We prove the assertion by induction on the derivation of $r \Rightarrow s$. In the variable case, the only derivation is $x \Rightarrow x$, and the complete development satisfies $x^\star=x$, so the conclusion is exactly the variable rule.
In the abstraction case, $r=\lambda x.a$ and $s=\lambda x.a'$ for some derivation $a \Rightarrow a'$. The induction hypothesis gives
\begin{align*}
a' \Rightarrow a^\star.
\end{align*}
Applying the abstraction rule for parallel reduction gives
\begin{align*}
\lambda x.a' \Rightarrow \lambda x.a^\star.
\end{align*}
By definition of complete development,
\begin{align*}
\lambda x.a^\star = (\lambda x.a)^\star.
\end{align*}
Thus $s \Rightarrow r^\star$.
In the application case, $r=a\,b$ and $s=a'\,b'$ are obtained from $a \Rightarrow a'$ and $b \Rightarrow b'$. The induction hypotheses give
\begin{align*}
a' \Rightarrow a^\star
\end{align*}
and
\begin{align*}
b' \Rightarrow b^\star.
\end{align*}
If $a$ is not an abstraction, then the complete development of the application is $a^\star b^\star$, and the application rule gives
\begin{align*}
a'\,b' \Rightarrow a^\star\,b^\star = (a\,b)^\star.
\end{align*}
If $a=\lambda x.c$, then the application itself is a beta-redex in the source term. In that case the complete development contracts this outer redex after developing its body and argument, so
\begin{align*}
((\lambda x.c)\,b)^\star = c^\star[b^\star/x].
\end{align*}
The induction hypothesis applied to the left component gives $a' \Rightarrow \lambda x.c^\star$, and the induction hypothesis applied to the right component gives $b' \Rightarrow b^\star$. Therefore the parallel beta rule gives
\begin{align*}
a'\,b' \Rightarrow c^\star[b^\star/x] = ((\lambda x.c)\,b)^\star.
\end{align*}
In the beta case, $r=(\lambda x.a)\,b$ and $s=a'[b'/x]$, where $a \Rightarrow a'$ and $b \Rightarrow b'$. The induction hypotheses give
\begin{align*}
a' \Rightarrow a^\star
\end{align*}
and
\begin{align*}
b' \Rightarrow b^\star.
\end{align*}
Substitution compatibility then gives
\begin{align*}
a'[b'/x] \Rightarrow a^\star[b^\star/x].
\end{align*}
But $a^\star[b^\star/x]$ is exactly the complete development of $(\lambda x.a)\,b$. Hence $s \Rightarrow r^\star$.
[/guided]
[/step]
[step:Deduce the diamond property for parallel beta reduction]
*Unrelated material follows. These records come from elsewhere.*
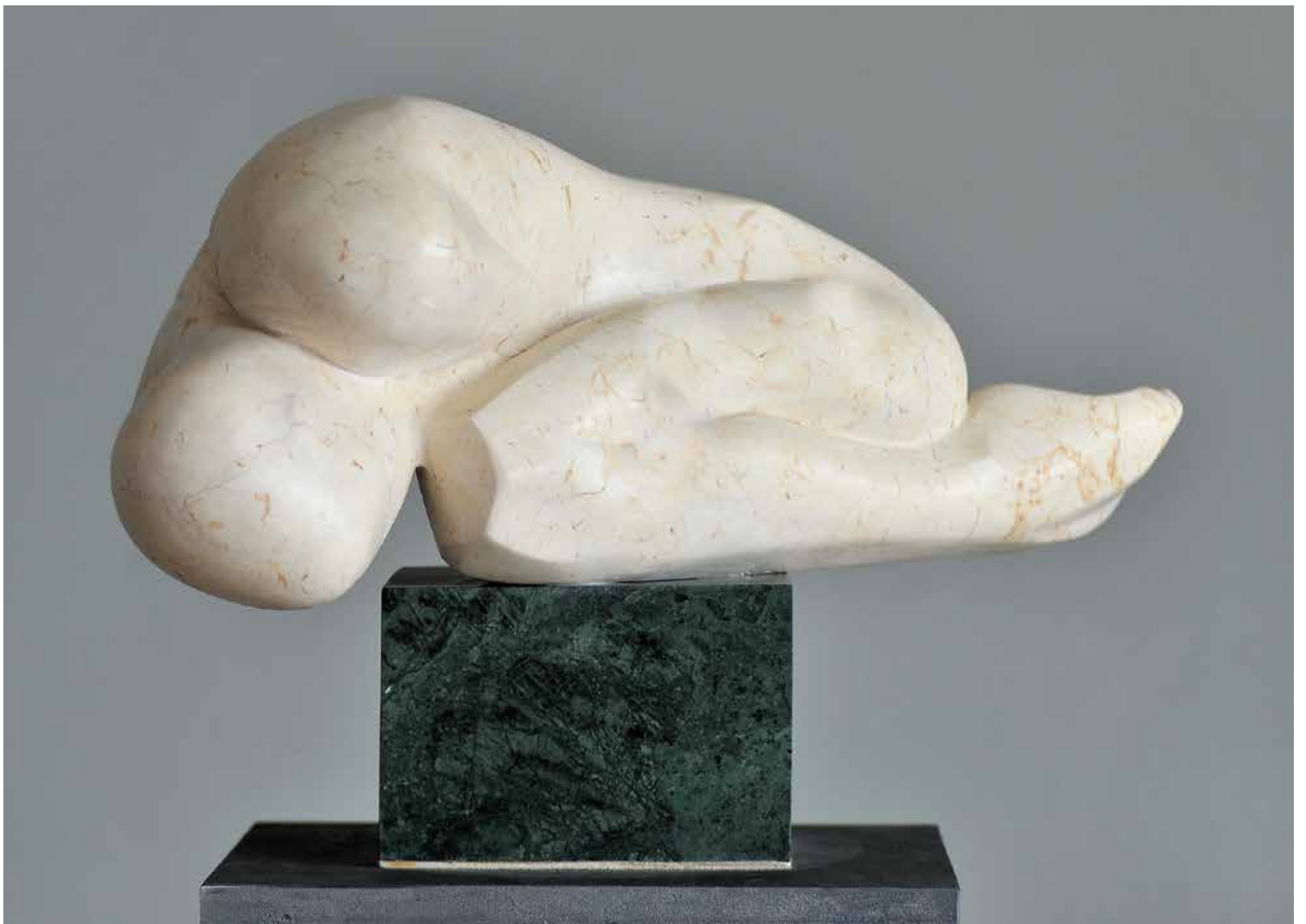
SEN , marmur, 39x58 cm

GRZEGORZ SZMELTER wstęp do folderu „Wystawa rzeźb Waldemara Musika”, Filharmonia Kaszubska w Wejherowie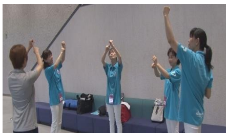
手話サークルのピッチアシストと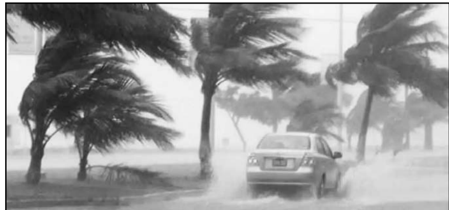
Para el mes de junio de 2025, se prevén lluvias por arriba y cercanas al promedio en la mayor parte del territorio nacional

Asimismo, se espera una disminución en las precipitaciones en la Península de Yucatán, mientras que en el resto del país se observarán precipitaciones dentro de los valores promedio.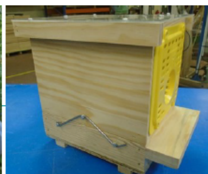
Piège nasse à grilles Néoppi jaunes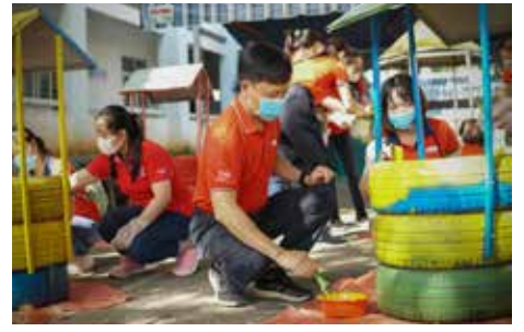
Ban Giám đốc và tập thể nhân viên Dai-ichi Life Việt Nam tham gia hoạt động trang trí các thùng đựng rác, trồng hoa và quét dọn khuôn viên trường THCS Nguyễn Du, TP. Bà Rịa, tỉnh Bà Rịa - Vũng Tàu.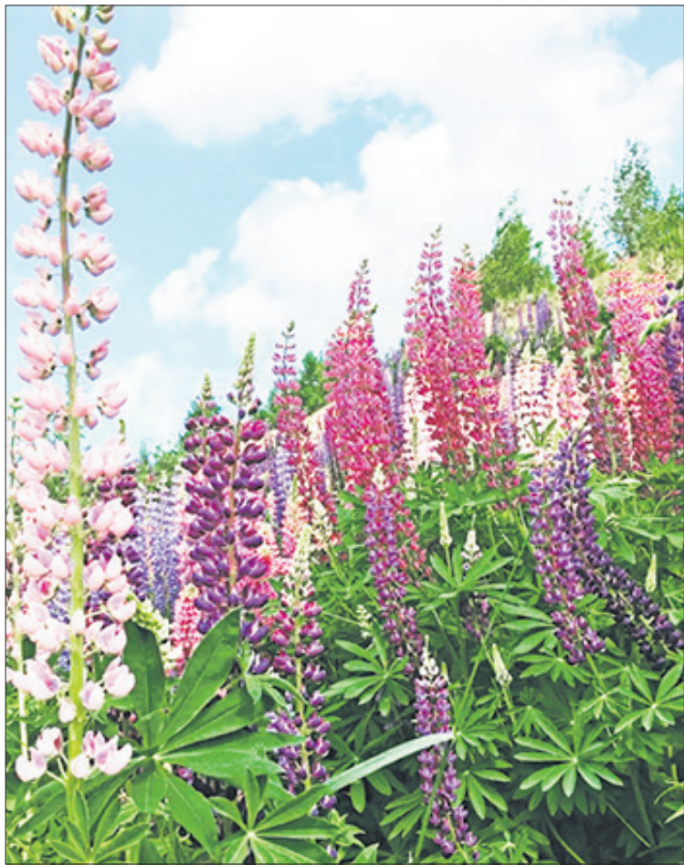
Под простыней сиреновой люпина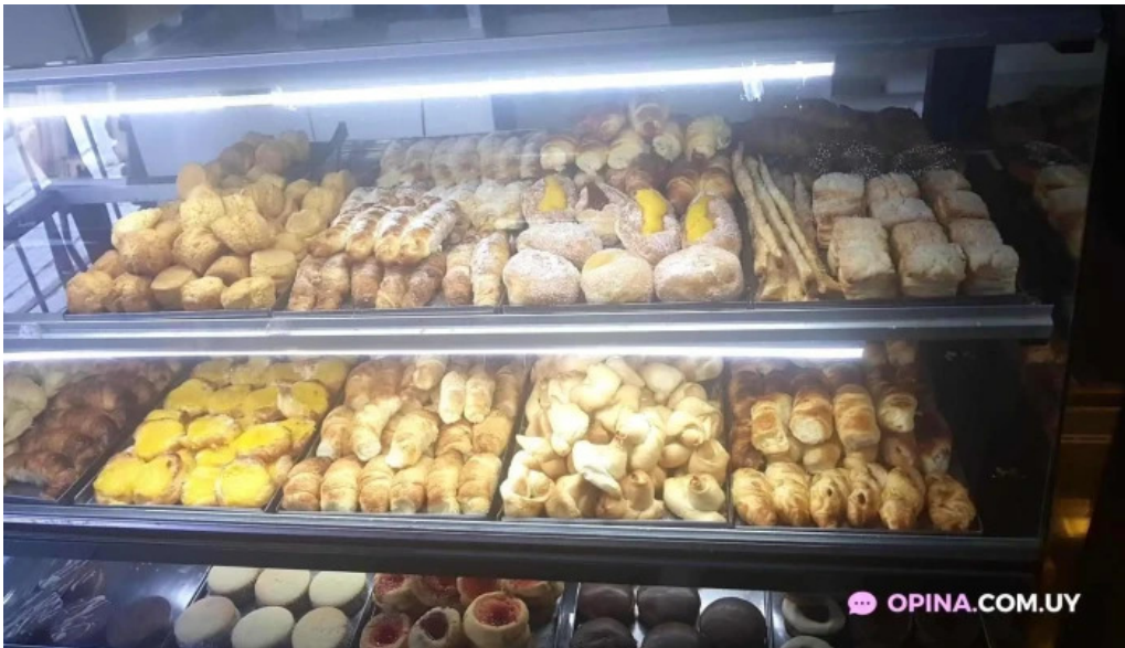
Don croissant todas

Let $r,s,p \in \textsf{Tm}$ satisfy $r \Rightarrow s$ and $r \Rightarrow p$. By the previous step applied to $r \Rightarrow s$,
\begin{align*}
s \Rightarrow r^\star.
\end{align*}
Applying the same result to $r \Rightarrow p$ gives
\begin{align*}
p \Rightarrow r^\star.
\end{align*}
Thus the term $q:=r^\star$ satisfies $s \Rightarrow q$ and $p \Rightarrow q$. Therefore $\Rightarrow$ has the diamond property.
[/step]
[step:Relate ordinary beta reduction and parallel beta reduction]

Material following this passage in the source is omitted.